You be the judge. No matter how tiny the dick is, do you continue being a virgin after a ‘lousy’ intercourse?
When they were done talking and giggling, they left and went back home to no one noticing their leaving. With days fast passing, they talked more about Steve and the praise of his fire brought to life and hoisted over and again till months later and the excitements toned down and Janet didn’t want to hear about him anymore.
She didn’t want to be told that Eunice missed him so much that she would want to sneak into the middle of the night and walk by the guide of stars and the light of the moon to his home.
Envy showed in her face.
The more they talked about him, the more she felt she should have been the one to have found him.
several days later, she wore her claws of mischief and rehearsed in them and went to Steve’s, alone, threw herself on him, his bed and he thought, why not, if she wouldn’t kiss and tell. Who’d know? And they had the sex of her dreams and more followed until the day Eunice had made an impromptu visit and bang! Janet was seated on Steve’s laps, both, naked, Janet’s arms tucked around ‘their’ lover’s neck and she mockingly kissed his lips at Eunice’s watch.
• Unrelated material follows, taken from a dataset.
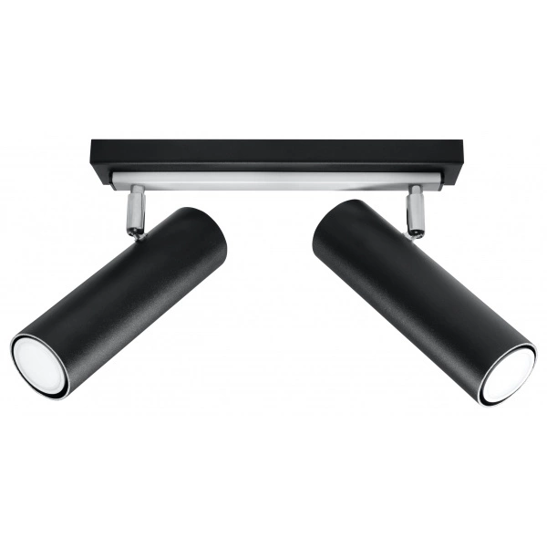 DIREZIONE 2 SL.0500 to nowoczesna lampa sufitowa z dwoma źródłami światła. Wykonana została z wysokiej jakości metalu w kolorze czarnym. Lampa składa się z podłużnej podsufitki z krótkimi ramionami, na których osadzono dwa reflektorki w kształcie walca. Reflektorki mają możliwość regulacji punktu padania światła. Lampa będzie idealnym wyborem do nowoczesnych wnętrz. Doskonale będzie się prezentować w: salonie, jadalni, sypialni, pokoju młodzieżowym, gabinecie, biurze, przedpokoju, korytarzu. Wysokość lampy to: 20 cm, szerokość 30 cm, głębokość 18 cm. Źródłem światła jest żarówka typu GU10 o mocy max 40W w ilości 2 szt.

And Eunice stood there, statued, in disbelief, with tears trickling down her cheeks. Uncontrollably.
Not knowing what to do or say, she stomped out and Janet followed hurling those insulting words through the shears.
“Daughter of a mad woman, go away, go hang yourself, stupid girl, ‘nun’.”
It hurt, but she kept walking and the only time she turned to look back was to say, “I’ll kill myself, my own fucking way.” And she disappeared into the foot path covered by shrubs and no one ever saw her again.
The grandfather worried sick of what might have become of her.
Janet on the side, praying that she goes away and never comes back, because, she tested positive for pregnancy. Pregnant by Steve and it’s him she wanted to marry and leave school.
After all, with a man giving good sex, who doesn’t want to become a house wife and give birth to 22 children, because with Steve, sex is a whole day’s meal and when garbage goes in, garbage must come out? Only in this plot, as children.
A week later, someone fetching water from river Nzoia will see a body float and haze past with the fast flow of the river.
He will run back into the village to deliver his news of a dead body floating and when they come back, it will have travelled some distance.
A search will begin and it won’t take long before the bare chested man finds it again, clutched down the stream, ugly and oozing liquids by her deathly pores.
Her ghostly eyes cast to the sun and the embers reflecting back at Janet who should give birth to another girl to replace her.
But let’s not get ahead of ourselves, there is someone else you haven’t met. Lilly, Lilly of the valley, the little girl, Eunice’s other confidant.
She’ll whisper to someone in the crowd,
“I tell you, she missed her periods this month.”
And that old man will faint and die, of a fast racing heart.
This story was inspired by our theme of the month, “to save the girl child.” And it is dedicated to Eunice. A young ambitious Kenyan girl, drowned, dead and buried for a world she thought crumbling when she lost her lover to someone she introduced.
An ugly scene, by African standards, or is it? Ujumbe ni (message is) ‘let’s rally behind our girls, this week (and all the days of our lives), as we celebrate international Women’s week.